El caso es que don Ángel Gabilondo —que funge de sesentayochista desahogado para disimular el tufo a beaterio— ha puesto en solfa una de las consignas legendarias que decoraban la Sorbona en aquel mayo funesto: «La cultura es como la mermelada, cuento menos se tiene más se extiende». Lo que, expresado en rucio castellano y transitando de Foucault al padre Astete, podría concretarse en estos términos: «Burro grande, ande o no ande». (Y el que venga detrás que arree).

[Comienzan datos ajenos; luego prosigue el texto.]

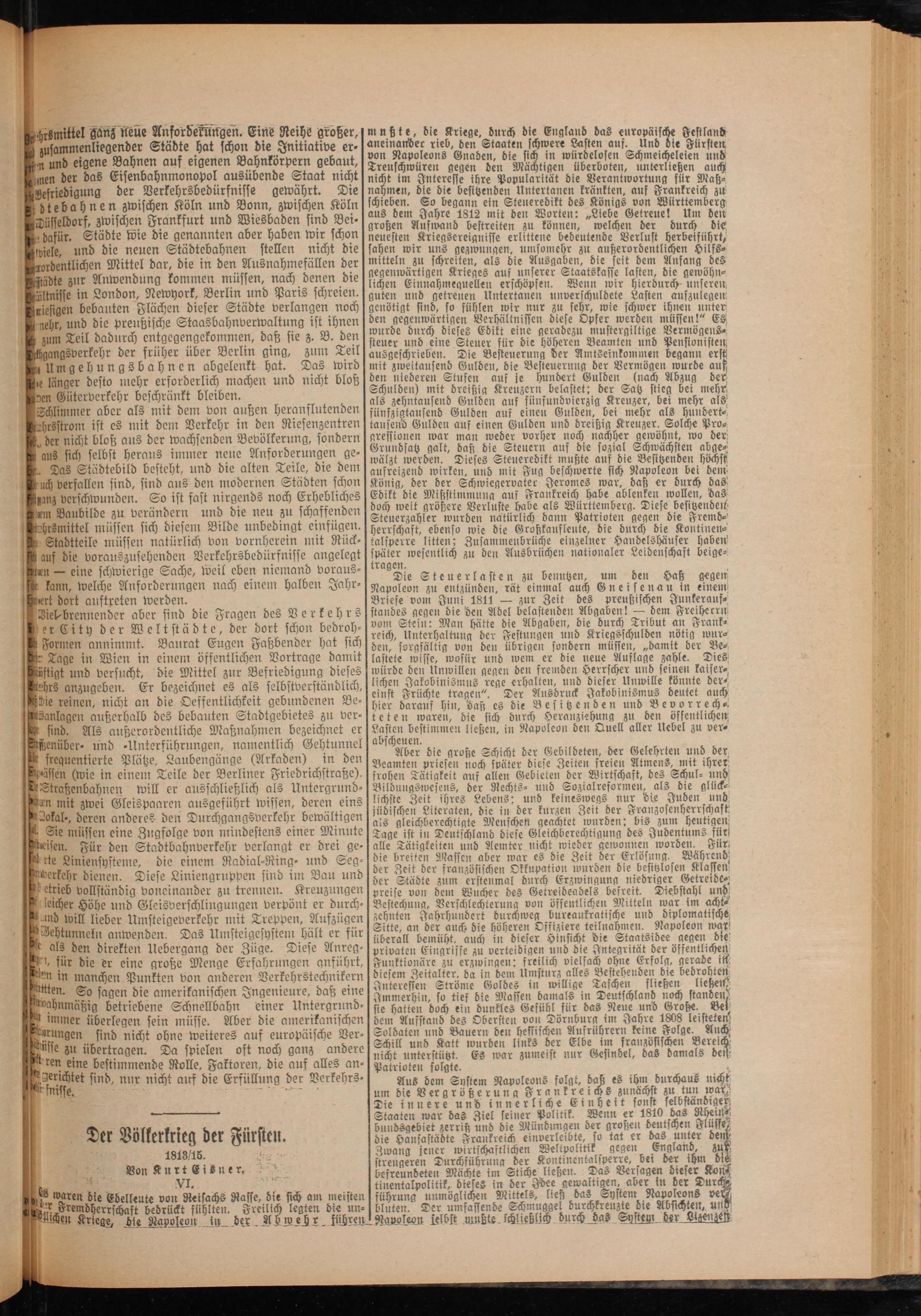 tsmittel ganz neue Anfordeküngen. Eine Reihe großer, ammenliegender Städte hat schon die Initiative er⸗ und eigene Bahnen auf eigenen Bahnkörpern gebaut, nen der das Eisenbahnmonopol ausübende Staat nicht riedigung der Verkehrsbedürfnisse gewährt. Die dtebahnen zwischen Köln und Bonn, zwischen Köln üsseldorf, zwischen Frankfurt und Wiesbaden sind Bei⸗ dafür. Städte wie die genannten aber haben wir schon ele, und die neuen Städtebahnen stellen nicht die nordentlichen Mittel dar, die in den Ausnahmefällen der kädte zur Anwendung kommen müssen, nach denen die Altnisse in London, Newyork, Berlin und Paris schreien. niesigen bebauten Flächen dieser Städte verlangen noch nehr, und die preußische Staasbahnverwaltung ist ihnen zum Teil dadurch entgegengekommen, daß sie z. B. den gangsverkehr der früher über Berlin ging, zum Teil Umgehungsbahnen abgelenkt hat. Das wird e länger desto mehr erforderlich machen und nicht bloß Güterverkehr beschränkt bleiben.

Un Condillac cuya cabeza no había sido aún puesta en jaque, daba esta bella imagen de lo que era una enseñanza revolucionaria: «Nuestro primer cuidado es dar a todos la educación que a todos es accesible; pero no negar a ninguna porción de ciudadanos esa instrucción más elevada, que es imposible hacer compartir por la masa entera de los individuos». Los padres de la revolución llamaban a eso la forja de una «aristocracia republicana», una aristocracia del esfuerzo y de la inteligencia, una meritocracia, gracias a la cual fueran los mejores sólo quienes se abrieran paso hasta las funciones más altas de la patria. Enseñanza al servicio de la excelencia, que es decir de la jerarquía: del saber sobre la ignorancia, del trabajo sobre la desidia.
El infantilismo hoy triunfante promete salvación a cambio de retornar, si no a la condición de buen salvaje, al menos a la más parecida, la de niño. Esa misma que Pablo, en carta a los corintios, describió con santísima agudeza: «También yo, cuando era niño, hablaba igual que un niño, pensaba igual que un niño y razonaba igual que un niño, pero cuando me hice hombre deje a un lado las cosas de los niños». Algo que, en la paráfrasis que memorizaban los esforzados bachilleres, anticipaba el eco del «hip-hop» posmoderno: «Sunt pueri pueri, pueri puerilia tractant». Procede el latinajo a fin de que el ministro no le vuelva la cara a sus maestros ni avale, o justifique, el puerilismo analfabeto que, según Bergamín, era el grial y el tabernáculo de la espiritualidad de un pueblo.
«Vade retro, Satana». Dios nos libre de vérnoslas con otro sacristán del verbo. Se acabó, Cruz y Playa. La de la Concha, por supuesto.